EXERCISE MATERIALS:
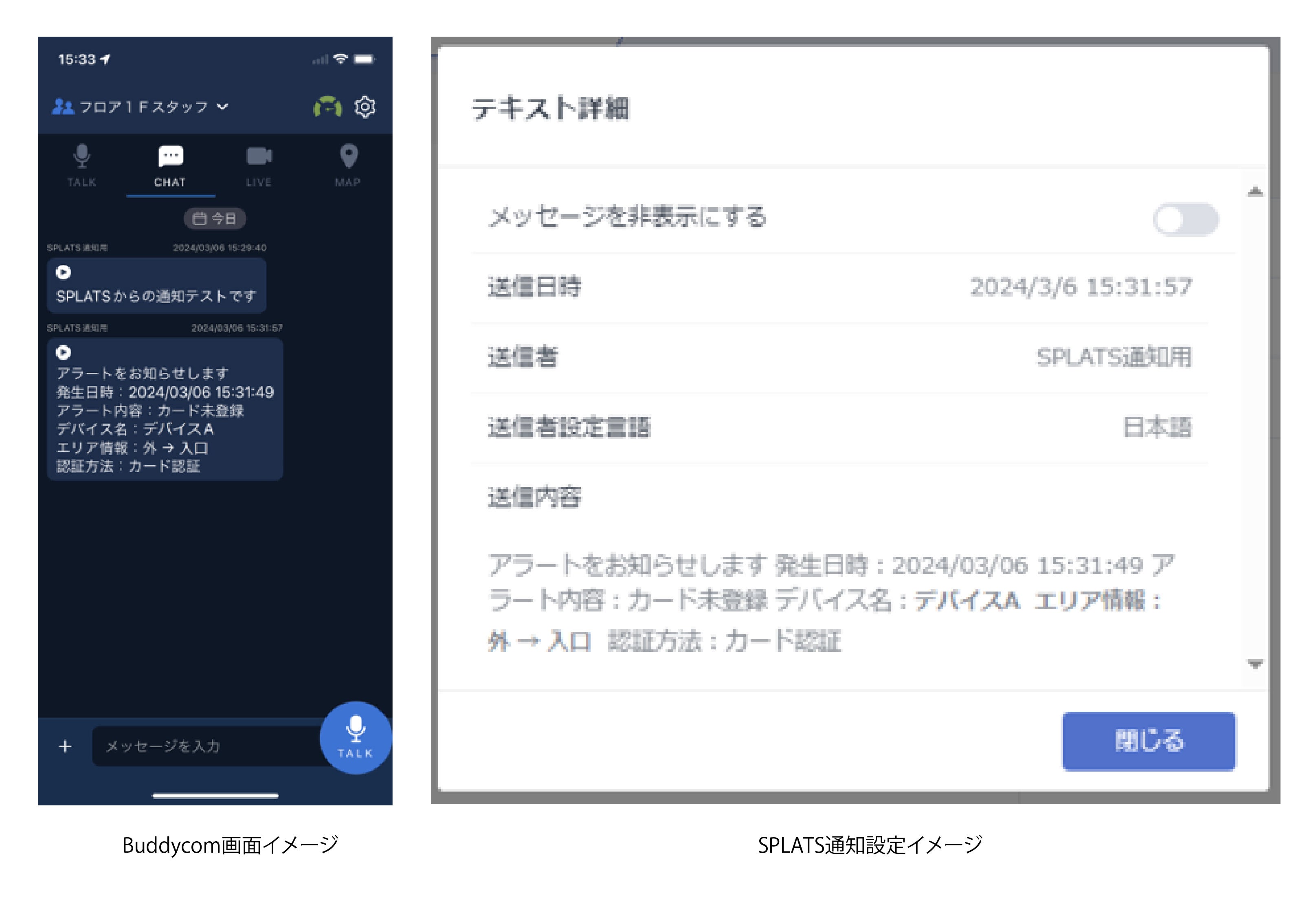 「SPLATS」と「Buddycom」が連携することで、物理セキュリティに関わる重要な情報を迅速かつ確実に共有することが可能となります。文字情報だけでは見逃されがちなアラートを関係者全員に音声で一斉送信することで、緊急時の対応を迅速に行うことを実現します。
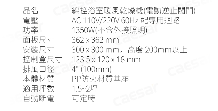 品名 遙控浴室暖風乾燥機(電動逆止閥門)
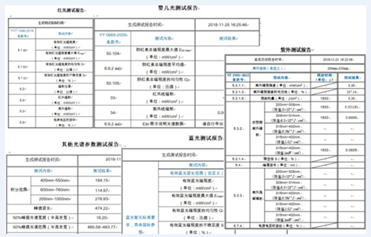 • YY/T 1496-2016 《红光治疗设备》: 有效红光辐照度 、 均匀性 、 不稳定度 、 辐射光谱 、 紫外辐射 、红外辐射 、 电源电压波动的测试 、一键生成红光测试报告。
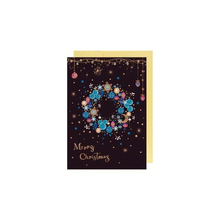 ブルーお花とグラスボールでリースをデコレーションした二つ折りクリスマスカードです。
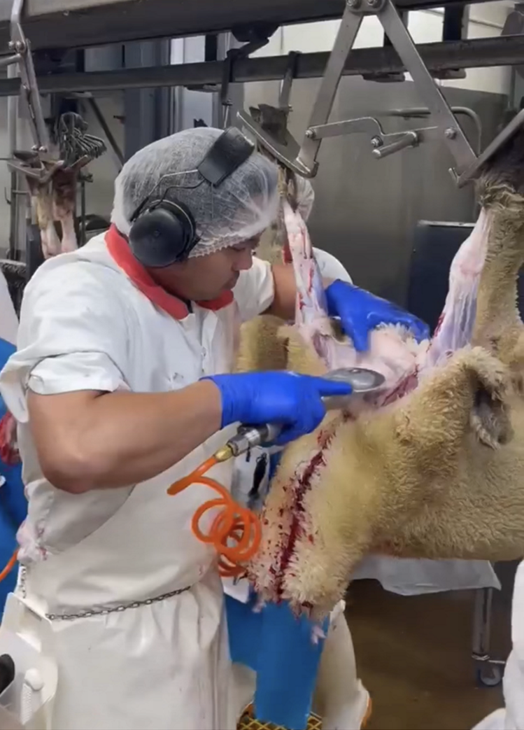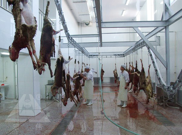 Sheep goat slaughterhouse butcher carcass hanging hook
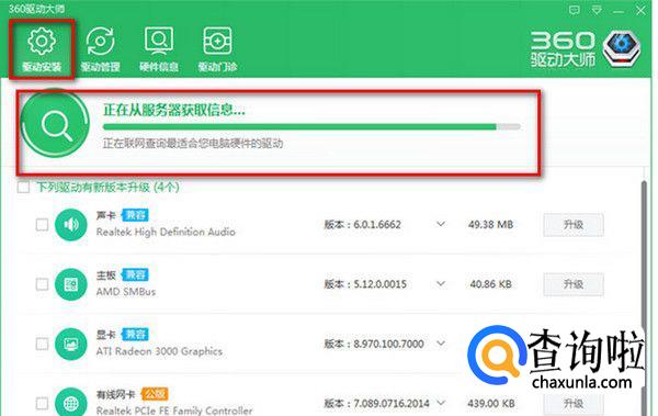 以360驱动大师为例,进入360驱动大师界面,点击驱动安装。会自动扫描电脑的驱动状况。

PROBLEM TO SOLVE: Exactly the lines from the one with "紫外辐射 、红外辐射 、 电源电压波动的测试 、一键生成红光测试报告。" through the end of the entries above must be written out, and no pictures may be included.

RESPONSE TO THIS EXERCISE:
 • YY/T 1496-2016 《红光治疗设备》: 有效红光辐照度 、 均匀性 、 不稳定度 、 辐射光谱 、 紫外辐射 、红外辐射 、 电源电压波动的测试 、一键生成红光测试报告。
 ブルーお花とグラスボールでリースをデコレーションした二つ折りクリスマスカードです。
 Sheep goat slaughterhouse butcher carcass hanging hook
 以360驱动大师为例,进入360驱动大师界面,点击驱动安装。会自动扫描电脑的驱动状况。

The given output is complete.